Task brief
Only the lines below from the one with "FMたんご様のご協力により、" through the one with "thank you message." are to be written out, exactly and without any images.

Records for the task
-*-*-

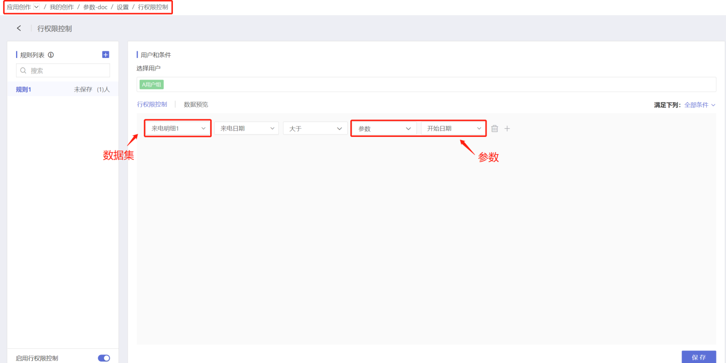 数据行权限可以使用参数动态地控制用户使用数据的范围。如图所示,通过参数控制数据集来点明细1对 A 用户组开放的数据内容,当参数值开始日期变化时,A 用户组看到的内容也随之变化。
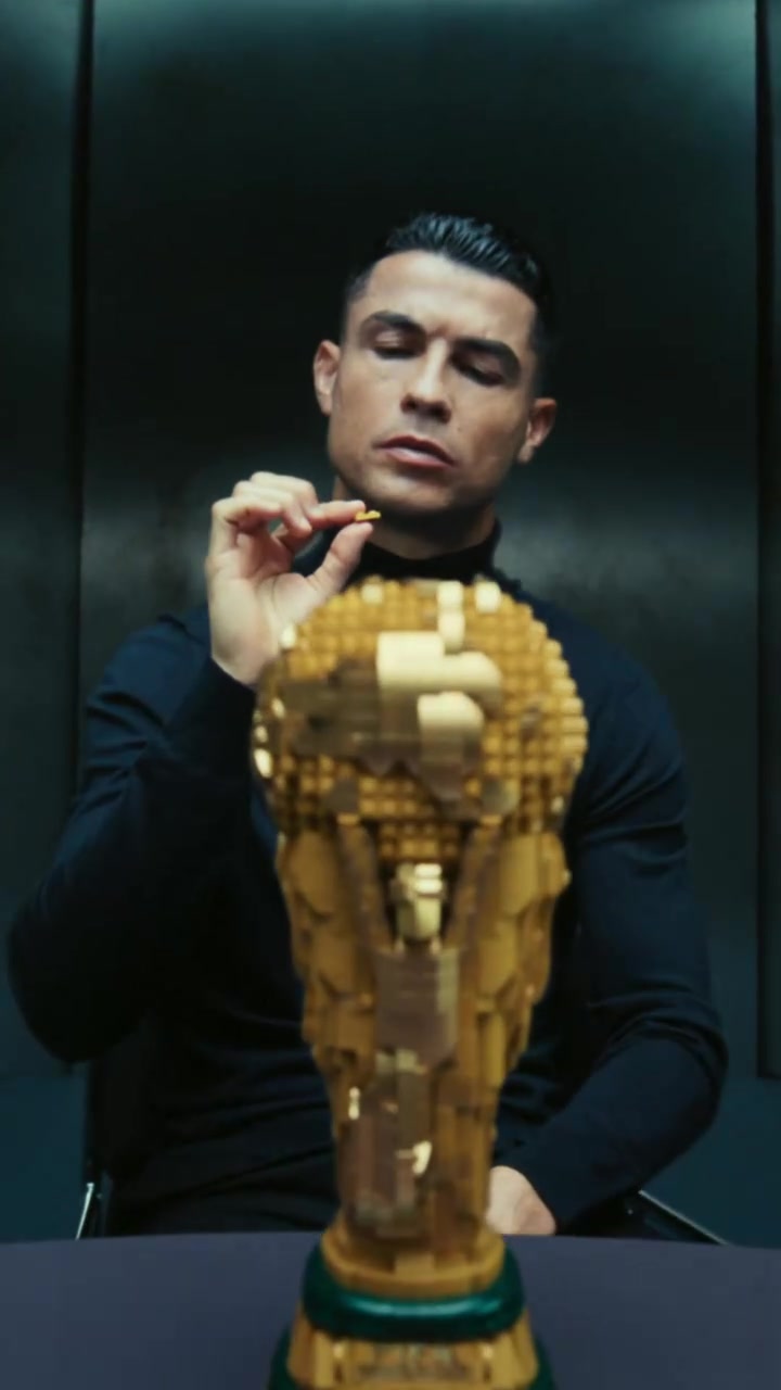在广告中,C罗、维尼修斯、姆巴佩、梅西一起在用乐高积木拼成世界杯赛 第一名 奖杯大力神杯,在最后阶段,四人都想将自己的公仔放在大力神杯顶上,但都被其他的人转动桌子阻拦。
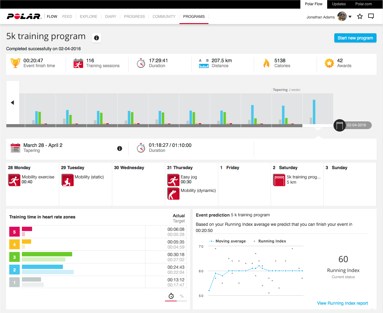 Програмата за бягане от Polar е безплатна. Това е мотивиращо. Лесно е да се използва.
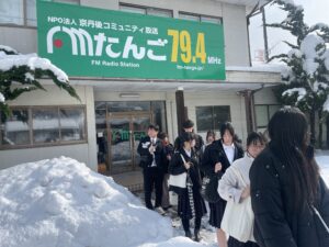 FMたんご様のご協力により、丹後中学校の様子や総合的な学習の時間における探究活動について、ラジオを通じて地域へ発信していただけることとなり、1月24日(土)に3年生8名がFMたんご様で収録を行いました。
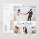 Elegant Budget "Love and Thanks" Hand Lettered Script Heart Elegant, Minimalist Photo Collage Affordable Wedding Thank You PostCard in Black and White. Simple cute wedding card template featuring four (4) photo on the front and one photo on the back side. With the text "Love and thanks" in a pretty hand lettered swash tail typography script font. Add your name and thank you message.
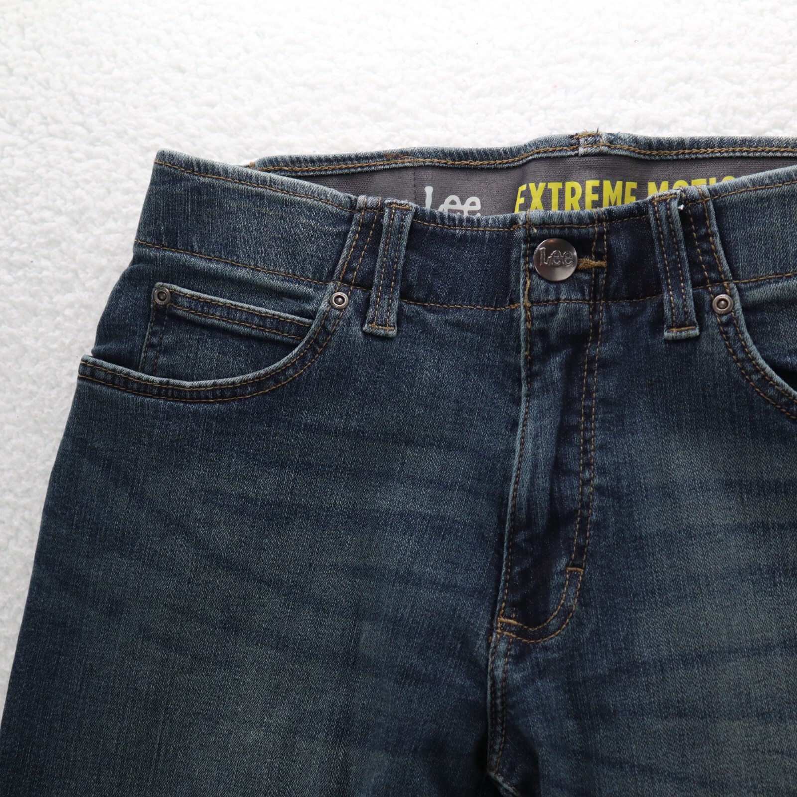 Lee Jeans Men 32X32 Blue Extreme Motion Straight Fit Tapered Leg Denim Dark Wash This item is in pre-owned condition and therefore may show signs of previous use, such as small stains, holes, or other wear. Please view all of the items photos as any defects will be documented there. Sizing in the title and item specifics are based on what the tag says. Measurements can be seen in the photos.
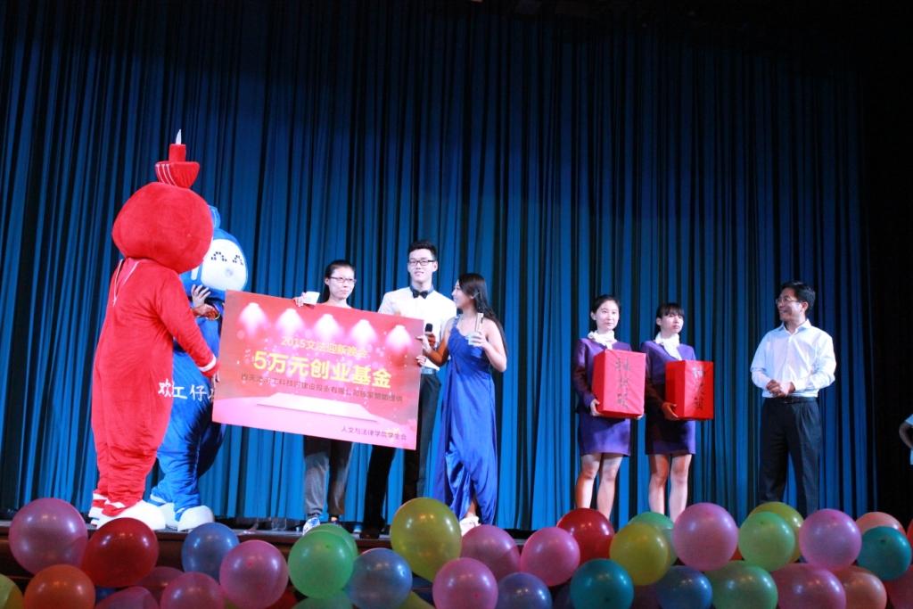 最后,一曲大合唱《月亮代表我的心》为晚会划上休止符。晚会虽落下帷幕,而这里却是2015级文法学子的新起点,青春文法的学子们正在路上。青春从此扬帆,梦想在此放飞!
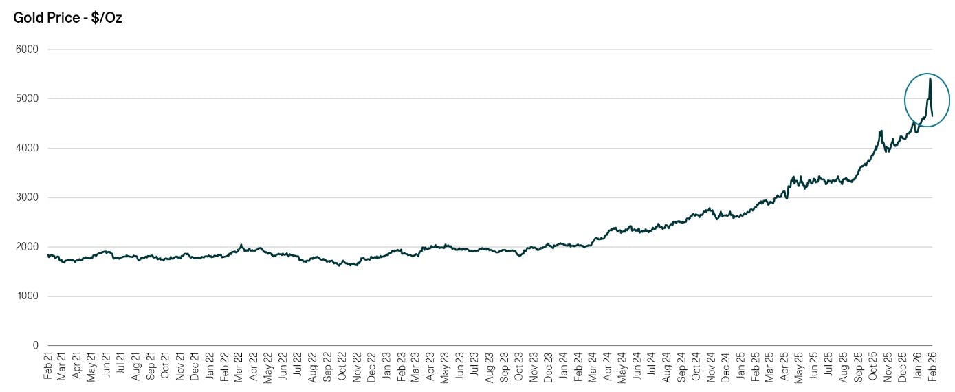 We have written recently about our commodity and gold exposures giving investors improved diversification and inflation resilience (Can commodities be an antidote to geopolitical anxiety?). Precious metals have had a very strong few months; now, there has been, a not totally unexpected, correction with the spot gold price dropping more than 9% in a single session, marking one of its steepest declines in decades. Can you see it on the 5 year graph below? We like to keep corrections in context but that does not mean we ignore them; we are active investors.
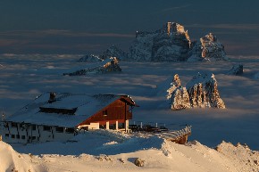In cima al Nuvolau si può godere di uno dei panorami più emozionanti delle Dolomiti. Qui, a 2.575 metri di quota, si trova l’omonimo rifugio: costruito nel 1883 dal Club Alpino austro-tedesco della sezione di Cortina d’Ampezzo, grazie alla generosità di un colonnello tedesco, il barone Richard vom Meerheimb, e oggi gestito dalla famiglia Siorpaes, il Rifugio Nuvolau del CAI Cortina è il più antico delle Dolomiti, rinomato fin dagli albori dell’alpinismo per il panorama mozzafiato. Già Paul Grohmann lo decantava nella sua opera Wanderungen in den Dolomiten del 1877: «Un mare di montagne è davanti a noi, e sarebbe inutile volerle elencare o descrivere. Soltanto la macchina fotografica potrebbe fissare le nostre impressioni». Il grandioso colpo d’occhio che si schiude dalla cima, soprattutto all’alba, ripaga della fatica della salita. (siorpaes@yahoo.com | Tel. +39 0436 867938).
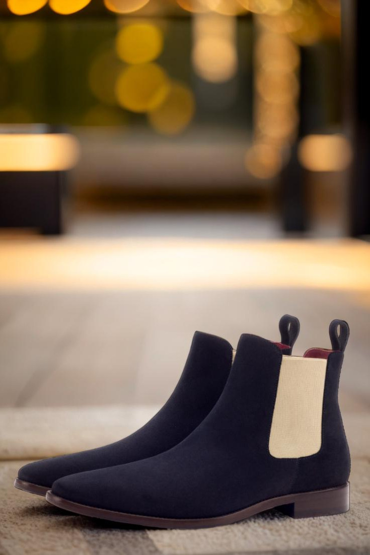 Made from Navy Blue Luxe Suede, this boot exudes elegance and sophistication from every angle. The front, sides, and back strip all feature the same luxe suede material, providing a seamless and sleek appearance that will elevate any outfit.
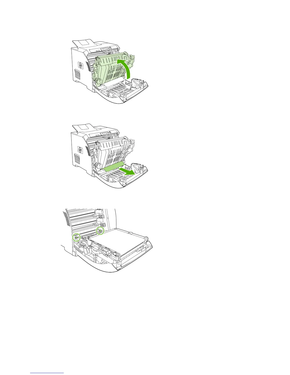 5. Locate the green registration-plate tabs that are below the bottom print cartridge.
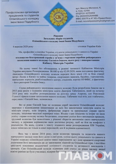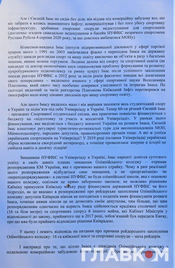 «Я акцентував увагу членів комісії на тому, що Закон «Про бюджет», стаття 24, передбачає передачу нашого навчального закладу в комунальну власність на термін з 2018-го по 2021 роки, - доповнює директор Олімпійського коледжу Олексій Семенюшко. – У жовтні 2018 року Київрада проголосувала, щоб прийняти нас у комунальну власність. Відповідно Кабмін має виконати цю норму закону і провести відповідні процедури. Замість того Кабмін намагається зобов’язати здійснювати протягом 2020-2024 років здійснювати фінансування «фахового коледжу Національного університету фізкультури і спорту» з державного бюджету та бюджету міста Києва. Цікаво, на яких підставах уряд має право втручатися в бюджет територіальної громади? Зрозуміло, що Київ платити за не свою власність не буде. Це призведе до того, що фінансування нашого вищого освітнього закладу припиниться. І фактично припиниться фінансування загальноосвітньої школи-інтернату. А Імасу тільки те й потрібно, щоб заклад припинив функціонувати і була змога вільно розпоряджатися землею так, як вони планують. Усі ці перешкоди роботі коледжу чиняться вже сьомий рік».
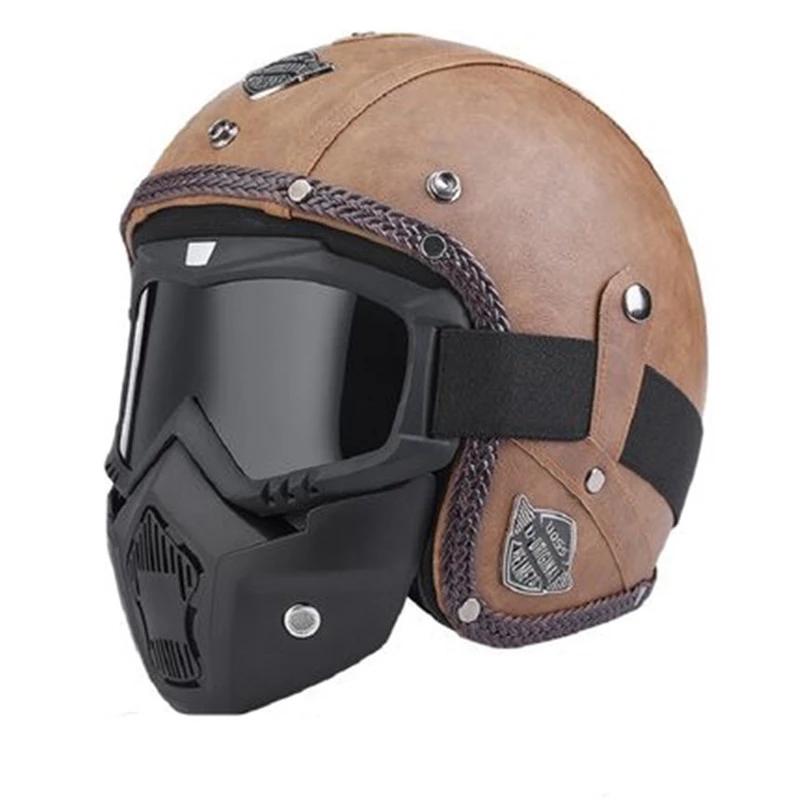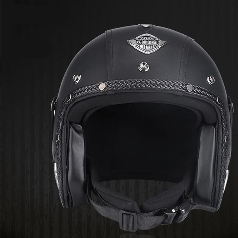 Adult Leather Helmets For Motorcycle Retro Half Cruise Helmet Prince Motorcycle German Helmet Vintage Motorcycle Moto

-*-*-

Task output
 FMたんご様のご協力により、丹後中学校の様子や総合的な学習の時間における探究活動について、ラジオを通じて地域へ発信していただけることとなり、1月24日(土)に3年生8名がFMたんご様で収録を行いました。
 Elegant Budget "Love and Thanks" Hand Lettered Script Heart Elegant, Minimalist Photo Collage Affordable Wedding Thank You PostCard in Black and White. Simple cute wedding card template featuring four (4) photo on the front and one photo on the back side. With the text "Love and thanks" in a pretty hand lettered swash tail typography script font. Add your name and thank you message.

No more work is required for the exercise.